Start of Block

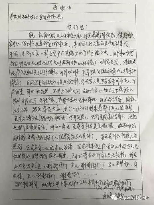 “非常感谢市妇保院医护人员,因为他们的紧急救护、无私帮助、深切关爱,我的妻子和孩子才能安然无恙。在场的妇保院的每一个人都给我留下了深刻的印象,有急人所急的保卫、便民中心工作人员及驾驶员、有专业的急救人员、有不怕脏紧紧将刚出生的满是血污的孩子一直抱在自己胸前取暖的护士等,没有他们就没有今日的欣喜!”21日,湖南籍产妇小方(化名)的丈夫廖某热泪盈眶地将一封感谢信交到市妇保院行政办公室。
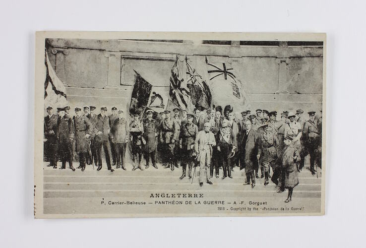 French souvenir postcard titled 'Angleterre - Pantheon de la Guerre'. It depicts part of the massive panoramic painting 'Pantheon De La Guerre', coordinated by Pierre Carrier-Belleuse and Auguste François-Marie Gorguet (named on the postcard) and painted by more than 100 French artists during World War I. It was started soon after war broke out, and was completed just before the Armistice. All of the Allies were eventually depicted, including around 6,000 individuals. The painting remains amongst the largest in the world. The section of Pantheon de la Guerre shown on the postcard is the British contingent, on the steps of a public building.
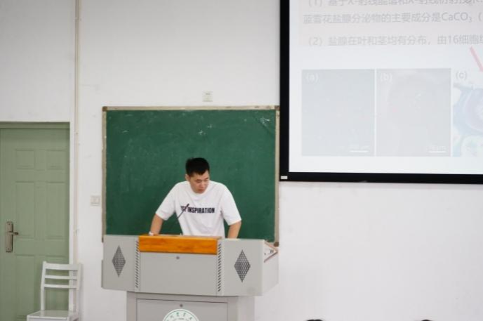 园林植物方向的研究内容聚焦“机制—技术—应用”三大板块,涵盖花香与花色调控、植物抗逆与固碳、高效育种与测试、次生代谢与提取等前沿主题。有研究生围绕菊花侧枝调控展开汇报,从激素、环境、营养及转录因子等多维度解析其形成机制,为相关育种技术提供了理论支持。

End of Block

# WORK TASK:
Please ensure that the data above is repeated exactly, with no pictures in the copy.

# EXERCISE RESULT:
 “非常感谢市妇保院医护人员,因为他们的紧急救护、无私帮助、深切关爱,我的妻子和孩子才能安然无恙。在场的妇保院的每一个人都给我留下了深刻的印象,有急人所急的保卫、便民中心工作人员及驾驶员、有专业的急救人员、有不怕脏紧紧将刚出生的满是血污的孩子一直抱在自己胸前取暖的护士等,没有他们就没有今日的欣喜!”21日,湖南籍产妇小方(化名)的丈夫廖某热泪盈眶地将一封感谢信交到市妇保院行政办公室。
 French souvenir postcard titled 'Angleterre - Pantheon de la Guerre'. It depicts part of the massive panoramic painting 'Pantheon De La Guerre', coordinated by Pierre Carrier-Belleuse and Auguste François-Marie Gorguet (named on the postcard) and painted by more than 100 French artists during World War I. It was started soon after war broke out, and was completed just before the Armistice. All of the Allies were eventually depicted, including around 6,000 individuals. The painting remains amongst the largest in the world. The section of Pantheon de la Guerre shown on the postcard is the British contingent, on the steps of a public building.
 园林植物方向的研究内容聚焦“机制—技术—应用”三大板块,涵盖花香与花色调控、植物抗逆与固碳、高效育种与测试、次生代谢与提取等前沿主题。有研究生围绕菊花侧枝调控展开汇报,从激素、环境、营养及转录因子等多维度解析其形成机制,为相关育种技术提供了理论支持。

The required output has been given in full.